Foto de El Trauco por Loin des yeux

A  las mujeres jóvenes se le aparece en sueños, erotizadas y embrujadas de amor se las lleva hacia el bosque. Allí, sumergidas en este engaño, las posee.

Durante la noche, el Trauco regresa a compartir la compañía de su mujer gruñona y estéril; la temida Fiura.

Las seducidas aseguran que es un ser fecundador sobrenatural e inevitablemente  atrayente. Del cual ninguna mujer soltera y joven está suficientemente protegida.

El Trauco es la explicación  de la paternidad de todos los hijos naturales de Chiloé de antaño. Así el nacimiento no afectaba socialmente ni a la madre ni al niño, puesto que ambos están relacionados con la magia de un ser extraterreno.

Esto es Mitología puramente chilena.

Fuentes:

– Icarito

– Mi portal de educación.

– Reseña en estatua de “El Trauco” de Ancud, Chiloé.

– Cortometraje de El Trauco Duración: 10 minutos.

Guión: Henzo Lafuente & Pamela Schulz.

Director: Henzo Lafuente, Pamela Schulz, Celso Valdés.

Producción: FONDART. Año: 1995

Artículo elaborado por Macarena Gajardo-Sheridan.
Editado por Lorena Villegas.

Las tres pascualas en Concepción

"El diablo en Concepción" (2009): "Las tres Pascualas" por Paulo Meyer Pintor

 

Al centro-sur de Chile, se encuentra la ciudad de Concepción, considerada la segunda más grande del país después de la capital, Santiago. Hoy en día su atmósfera refleja la constante búsqueda del progreso y la modernización. No obstante, aún sobreviven historias antiguas como la leyenda de Las Tres Pascualas, que le dio el nombre a la laguna que colinda con la transitada Avenida Paicaví y donde hoy se encuentra la sede de la Universidad San Sebastián.

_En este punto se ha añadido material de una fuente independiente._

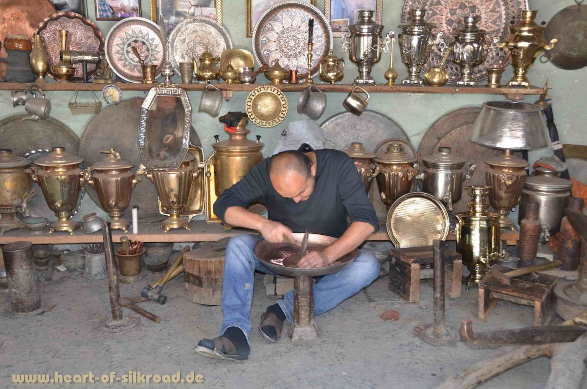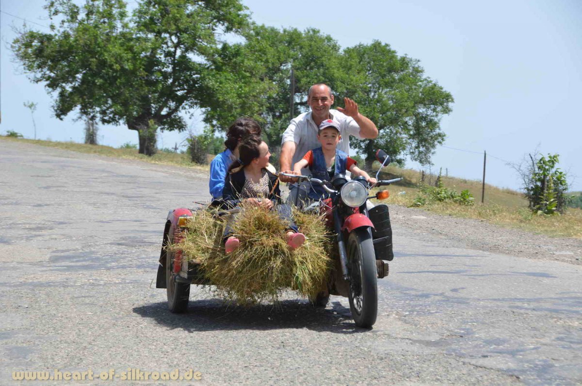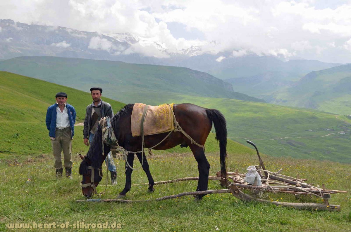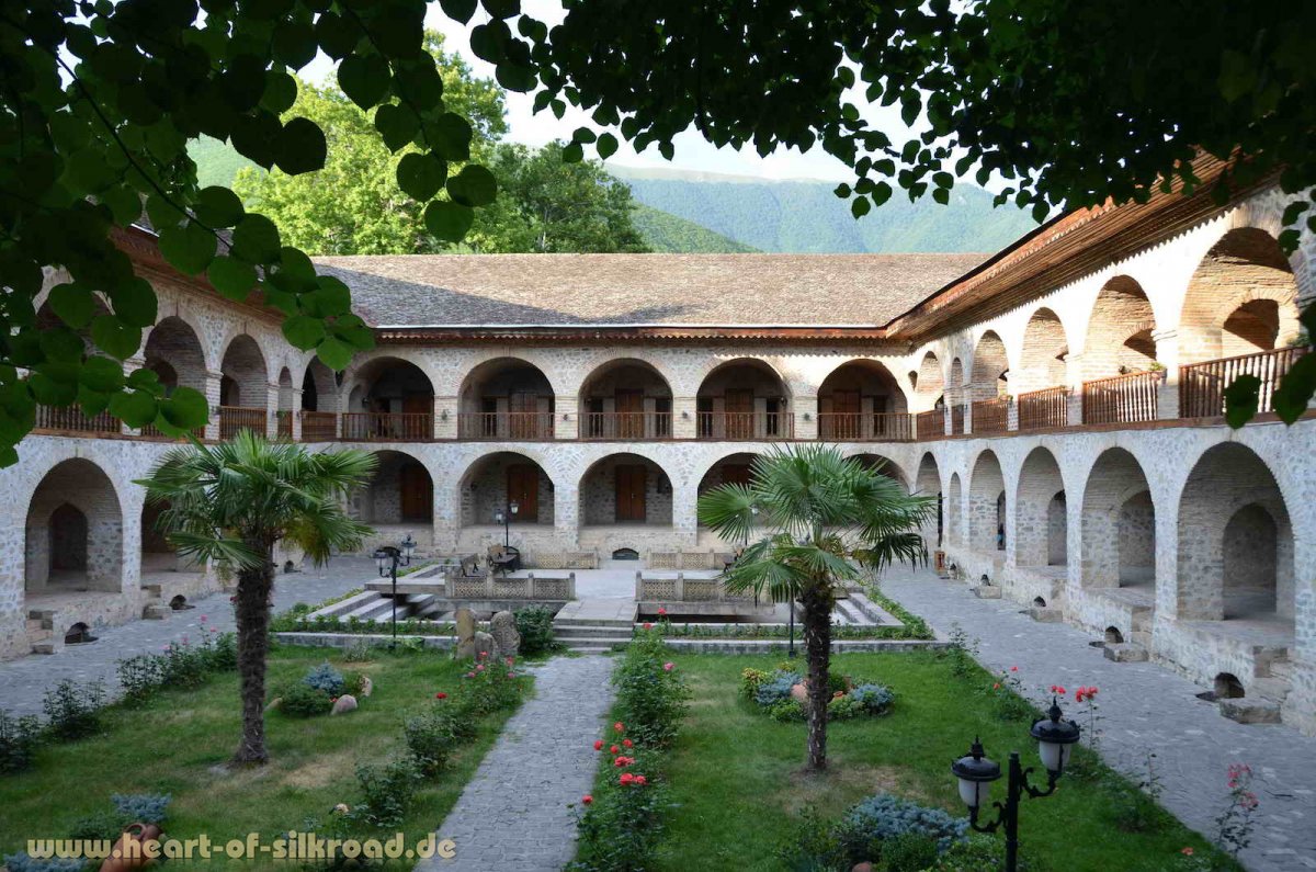 Von Baku aus fahren wir nochmals in die Berge - in den südlichen Kaukasus, den wir bei unseren drei Durchquerungsversuchen leider nie auf den direkten Weg erreicht haben. Historische Orte der Seidenstraße, archäologische Ausgrabungsstätten und Karawansereien sind dort noch heute zu finden. Unser erstes Ziel ist das persisch geprägte Bergdorf Lahic, das wegen des Kupferhandwerks bis nach China bekannt wurde. Zu Hochzeiten der Seidenstraße im 11.-13. Jh. arbeiteten dort 200 Kupferschmiede, von denen es heute aber nur noch wenige gibt. Weiter fahren wir auf einer gut ausgebauten Straße Richtung Nordwesten und erreichen Gabala, wo gerade die sechstausend Jahre alten Ruinen einer großen Handelsstadt durch Archäologen freigelegt werden. Der Ausgrabungsleiter führt uns persönlich auf dem riesigen Areal herum und wird nicht müde unsere Fragen zu beantworten. Die vielen Skelette weisen mit ihrer Ausrichtung zur Sonne darauf hin, dass auch hier schon Zoroastrier gelebt haben. Eine Stadt mit einer riesigen, mehrmals verstärkten Stadtmauer und einem hocheffektiven Trink- und Abwassersystem sind zu erkennen. Unsere letzte Station an der ehemaligen Seidenstraße in Aserbaidschan ist die Stadt Shäki, wo einst Seide produziert wurde, nachdem das Geheimnis der Herstellung dieses edlen Stoffes aus China bekannt geworden war. Wir übernachten hier in einer zum Hotel umgebauten Karawanserei.
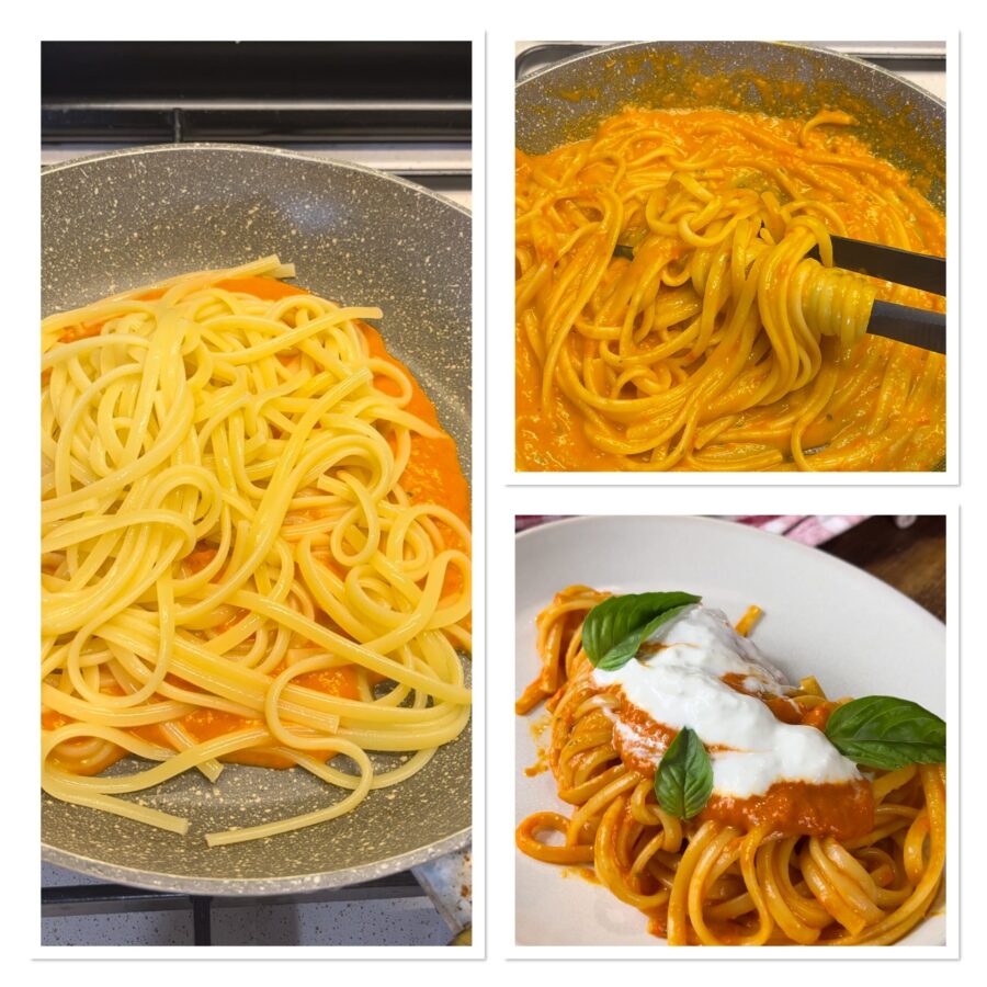 Pour the sauce into a large skillet, add the cooked and drained pasta (al dente) and toss to combine, continuing the preparation by adding a little (of the pasta cooking water) only if needed.
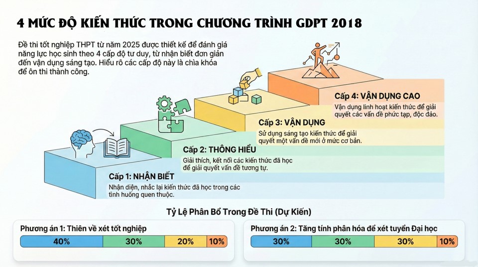 Bên cạnh đó, hệ thống bài tập được thiết kế đi từ dễ đến khó. Các em sẽ bắt đầu từ việc Nhận biết để chắc gốc, sau đó tiến đến Hiểu và cuối cùng là Vận dụng vào thực tế. Cách phân bổ này giúp các em không chỉ học vẹt để đi thi, mà thực sự làm chủ được kiến thức để giải quyết các vấn đề đa dạng.
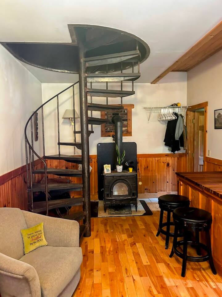 Charming apartment minutes from Jay Peak. Wood floors and highlights, spiral staircase and wood stove come together to create a bright and cozy space.
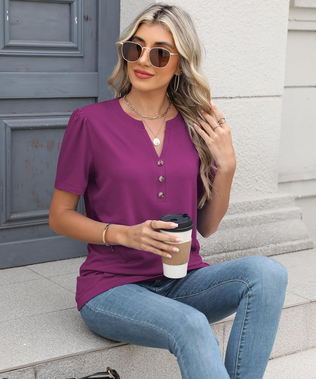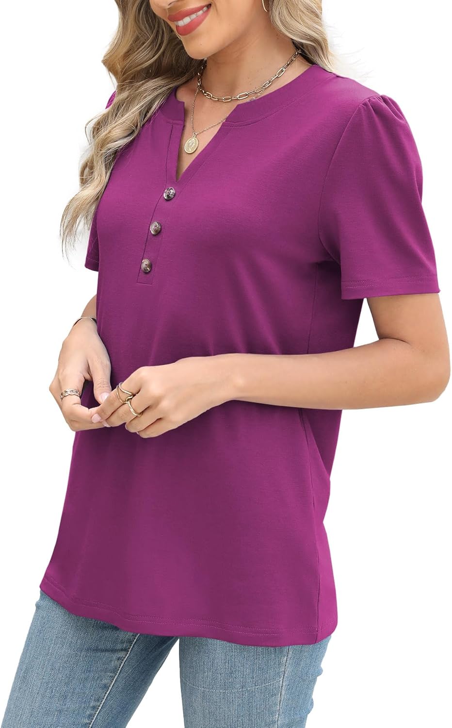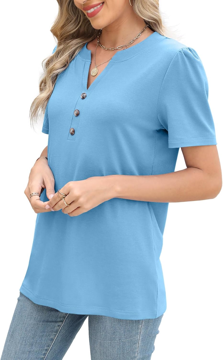 Summer Tops for Women Puff Sleeve Blouses V Neck Tunic Fashion Summer Outfits
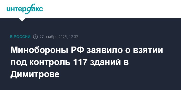 Москва. 27 ноября. INTERFAX.RU - Российская армия взяла под контроль 117 зданий в Димитрове (Мирнограде), сообщило Минобороны РФ в четверг.
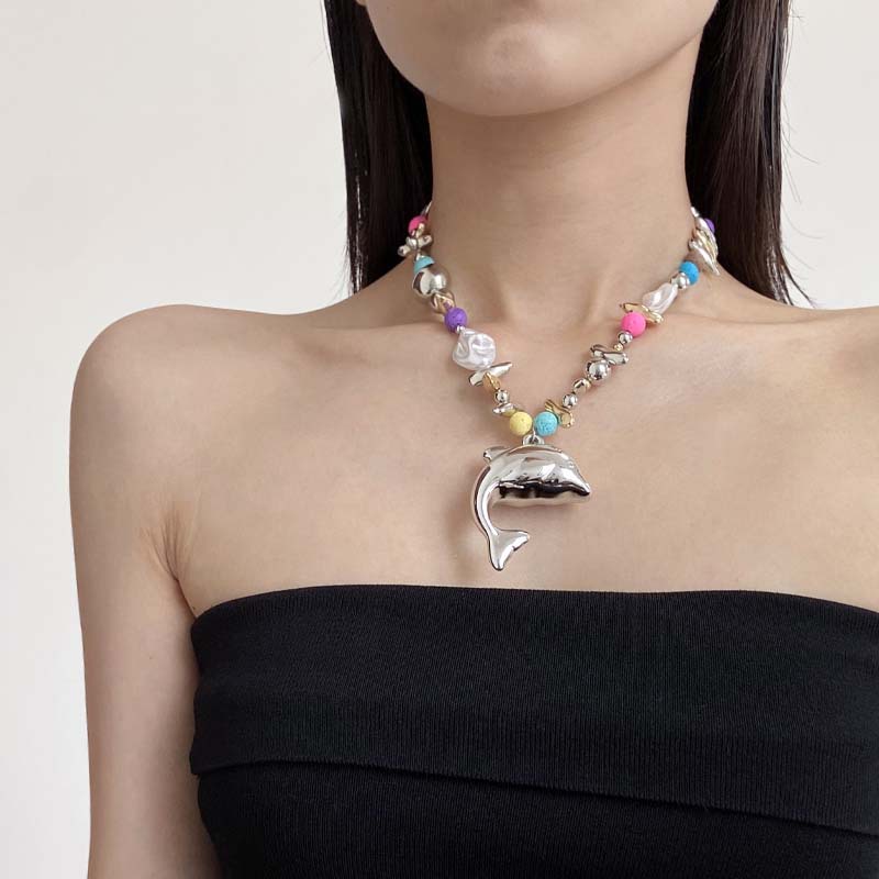 甜酷辣妹不规则彩色串珠海豚吊坠锁骨链女轻奢高级感多巴胺颈项链
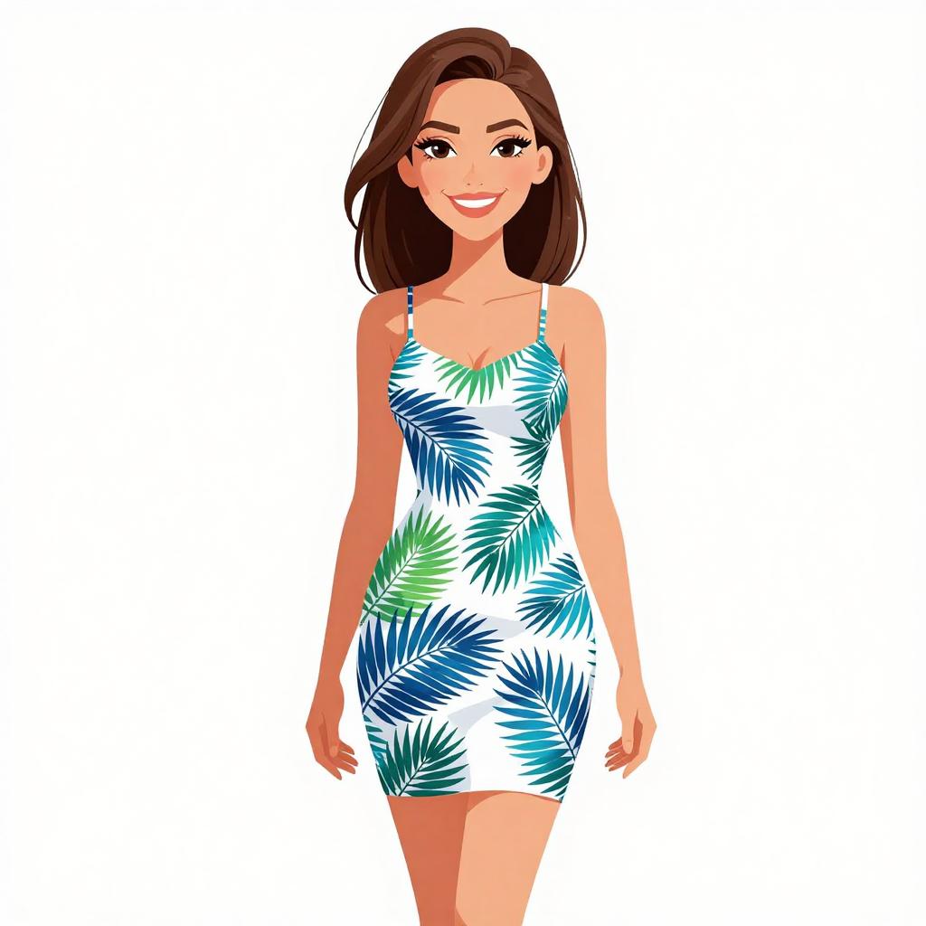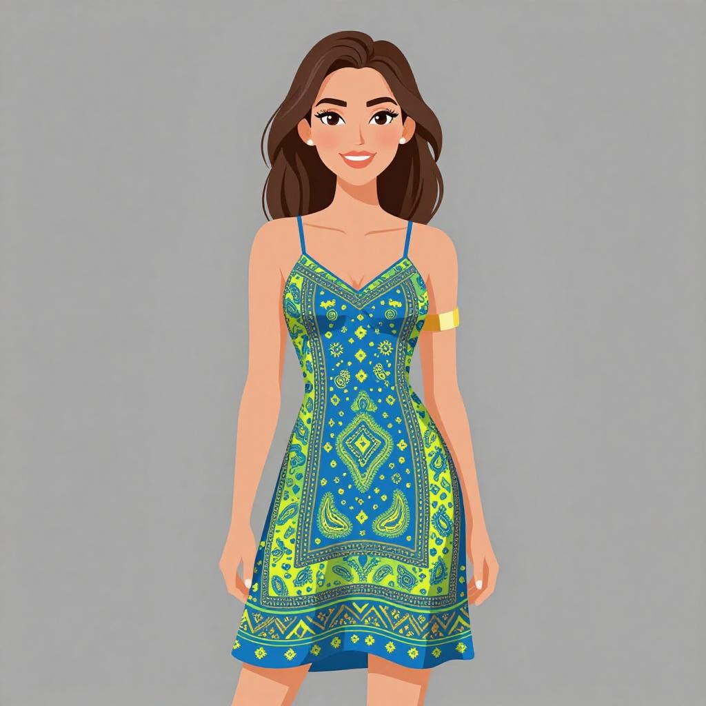 Woman with pretty face and pretty hair. smiling Woman, Bohemian, sleeveless shift dress with a mixture of vibrant blue, green, and yellow paisley and geometric prints, thin spaghetti straps, straight neckline, thigh-length with contrasting print border at the hem, gold upper arm cuff bracelet. --sref 1467
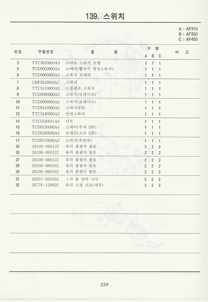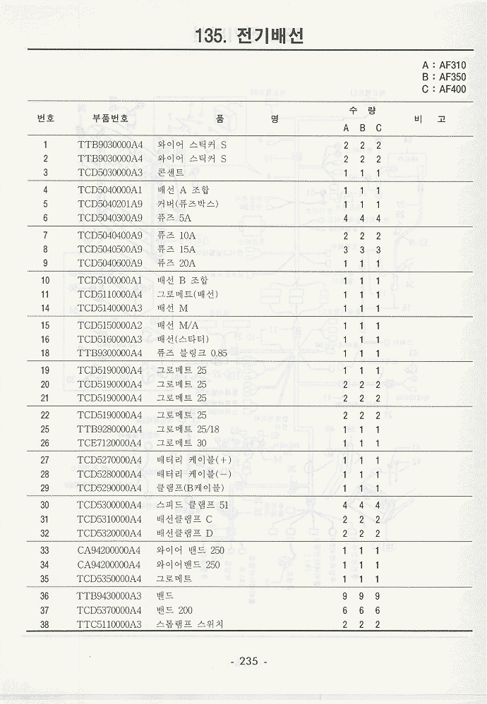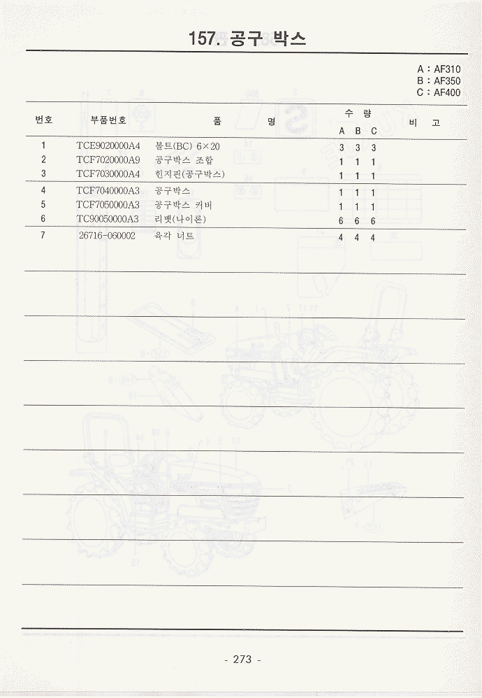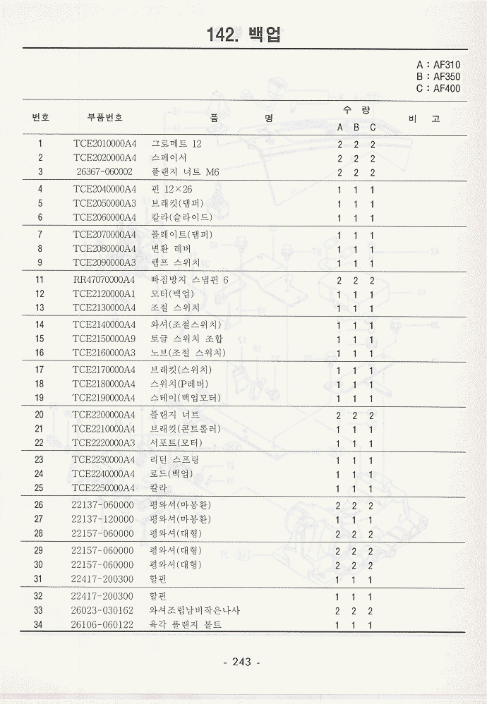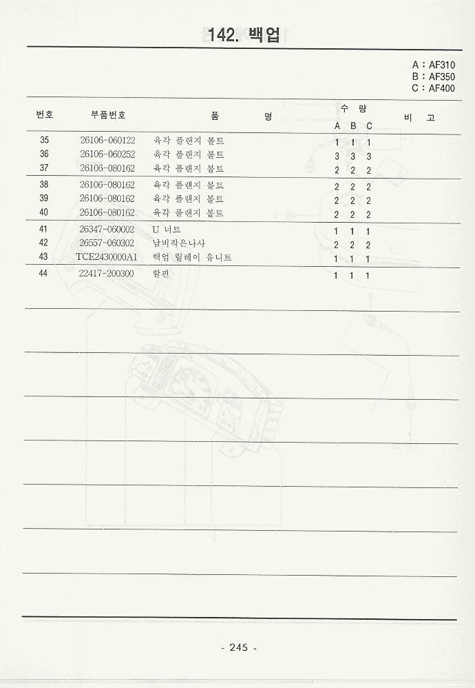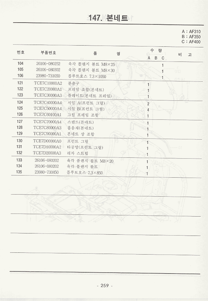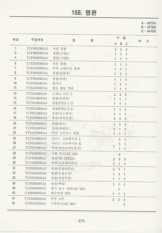 현재위치 : Home >> 트렉타 >> 국제트렉타+존디어트렉타 >> 등록책자 >> AF310_AF350_AF400 >> 234~279
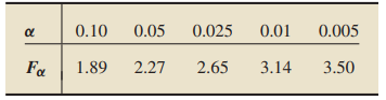 > Find the required F -values. For an F-curve with df = (20, 21), find a. F0.01. b. F0.05. c. F0.10.
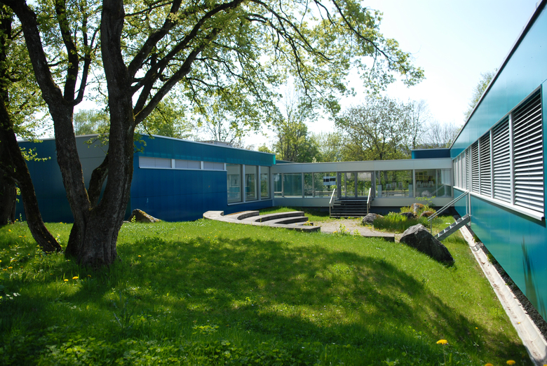 Einzelne, beidseitig belichtete Schulräume welche perlenkettenartig entlang der Bünz aufgereiht wurden, bieten aussergewöhnliche Qualitäten bezüglich Licht- und Raumerlebnissen. Die idyllische Lage wird vor allem während der wärmeren Jahreszeiten durch die den einzelnen Pavillons vorgelagerten naturnahen Aussenräume erlebbar. Aufgrund der Einmaligkeit der zweigeschossigen Anlage besteht der Wunsch, den aus den 60-er Jahren stammende Schulbau bautechnisch und energetisch zu sanieren. Trotz dieser nötigen Erneuerungen sollen die charakteristischen Details der Pavillonbauten beibehalten werden.
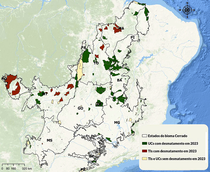 A área desmatada em terras indígenas do Cerrado chegou a mais de 7 mil hectares, um aumento de 188% em 2023, enquanto, no geral, as terras indígenas do país reduziram 27% da área desmatada. Porquinhos dos Canela-Apãnjekra, lar dos indígenas Canela Apanyekrá, foi o território indígena com a maior área desmatada de todo o país em 2023, perdendo mais de 2 mil hectares. O número representa um aumento de 608% na sua área desmatada, em relação ao ano anterior. Delimitada em 2019, o território está localizado na porção sul do Maranhão, estado mais desmatado do Brasil em 2023 e palco do crescimento das áreas de agropecuária.

Foto por Osvaldo Martinez Farias

La leyenda cuenta que por los siglos “XVIII o XIX”, vivían en Concepción tres hermanas lavanderas, a quienes se las conocía como las tres Pascualas. Ellas, junto a otras lavanderas de la época acostumbraban a lavar juntas la ropa en una laguna cercana a su hogar, y cantando se las veía frecuentemente afanadas en esta labor que les daba su sustento.

Pero una tarde ocurrió algo inesperado. Otras compañeras fueron las que con sorpresa llegaron a la laguna tal como lo hacían todos los días y encontraron sus cuerpos flotando en el agua.

¿Qué había pasado? ¿Cuál fue la causa de tal desgracia?

Según se cuenta, las hermanas se enamoraron del mismo hombre, quien las sedujo y luego las abandonó. Desesperadas, ellas decidieron terminar con sus vidas y se arrojaron a la laguna.

Algunos agregan que en ese momento inexplicablemente se formó un gran remolino y las aguas furiosas, se desbordaron. Cuando la quietud volvió, la laguna tomó la forma de la luna en cuarto menguante y desde entonces, aún se les podría ver lavando o escuchar sus voces en el lugar.

Foto por brilla_no_no

Otras personas sostienen la versión de que habría llegado a hospedarse un forastero a la casa donde las Pasculas vivían con su padre. Allí el hombre se enamoró de las tres muchachas y cada una, en secreto, le correspondió su amor.

Sin embargo, él no supo a cuál de las tres escoger, asi que las citó a la laguna en una noche de San Juan.

Esa noche el forastero las esperó sentado en un bote flotando en la laguna y a las 12 de la noche, cuando él vio la revelación de San Juan y su reflejo en el agua, desesperado comenzó a gritar: ¡Pascuala!…¡Pascuala!… ¡Pascuala! Las tres creyeron ser las elegidas, vigorosamente entraron en la laguna y se ahogaron.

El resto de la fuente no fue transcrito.